The use of an optical-fibre sensor has the advantage of enabling it to be applied to live parts while ensuring excellent insulation.
By way of non-limiting example, Figure 2 shows values of the load current I passing through the circuit in which the switch A is connected (eg. 25 kA) and of the voltage U across the pole of the open switch (eg. 20 kV).

Claims

1. A device for predetermining the arcing time in a direct current, low-medium voltage vacuum switch provided with an electromechanical tripping device for its closure and opening, and an auxiliary circuit connected across the ends of the switch pole and comprising, in series, a capacitor bank and an activatable enabling means for the discharge of this capacitor bank, characterised by comprising an optical sensor associated with the mobile contact rod external to the evacuated switch bulb and arranged to emit, at the instant of separation of the switch contacts, a signal to a delay #circuit which after a predetermined delay activates said enabling means for the discharge of the capacitor bank.

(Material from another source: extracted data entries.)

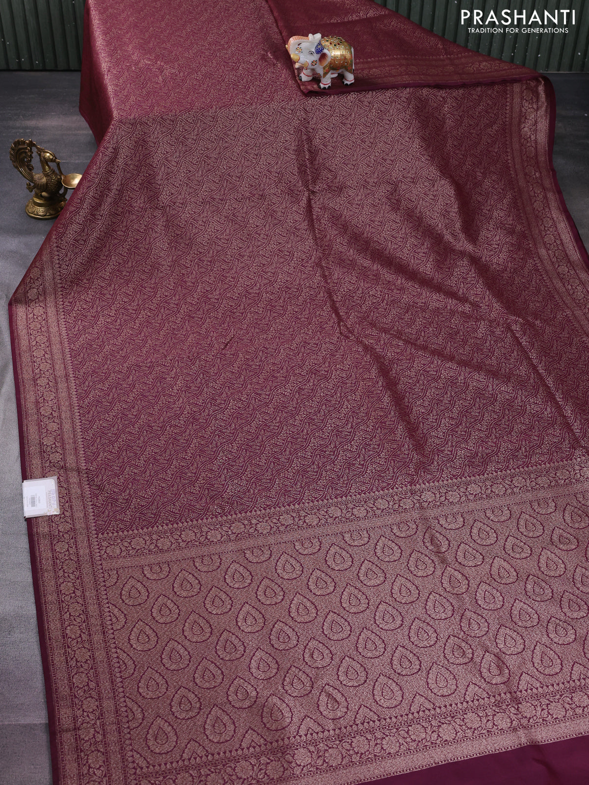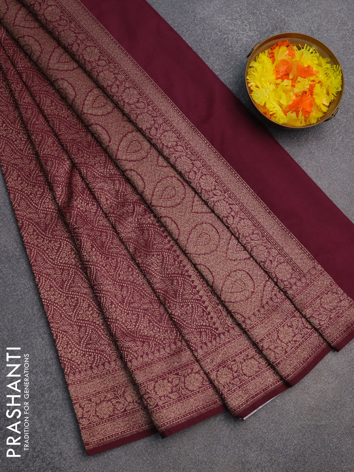 Banarasi semi silk saree deep maroon with allover thread & zari weaves and woven border
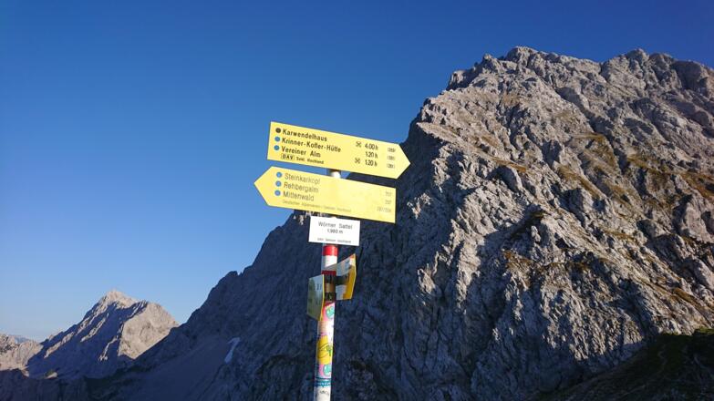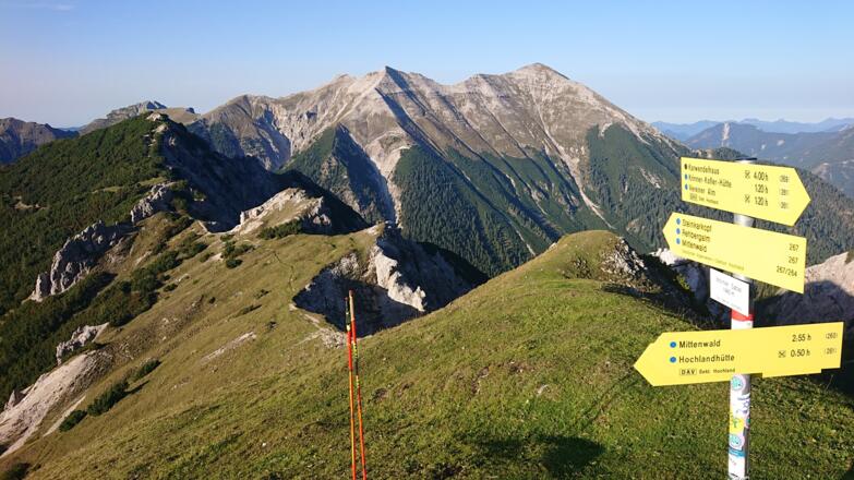 Von Mittenwald über die obere Kälberalm und Hochlandhütte zum Wörnersattel. Über den Wörnergrat gehts über felsigen Grat, Schrofen und Platten zum Gipfel!
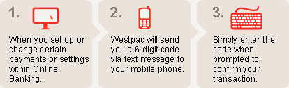 We have a safeguard against fraud for personal customers. Westpac Protect™ Security Code uses a one-off code via notification from the App or as an SMS to your mobile phone to confirm certain transactions via text message when banking online.

2. A device as claimed in claim 1, characterised in that said optical sensor comprises two optical-fibre cables connected respectively to a transmitter and to a receiver, the two respective free ends of said optical-fibre cables opposing each other axially at a certain distance apart, a light-impermeable appendix rigid with the switch mobile contact rod being mobile in the space between said opposing ends, said appendix comprising a slot which allows light to pass from the end of the optical-fibre cable connected to the transmitter to the end of the optical-fibre cable connected to the receiver only at the instant in which the mobile switch contact separates from the fixed contact.

3. A device as claimed in claim 2, characterised in that the opposing ends of the two optical-fibre cables are retained in seats provided in a block comprising a slot in which the appendix rigid with the mobile contact rod moves.

4. A device as claimed in claim 3, characterised in that said block can be adjusted, in a direction parallel to the direction of movement of the mobile contact rod, relative to a support rigid with the fixed part of the switch.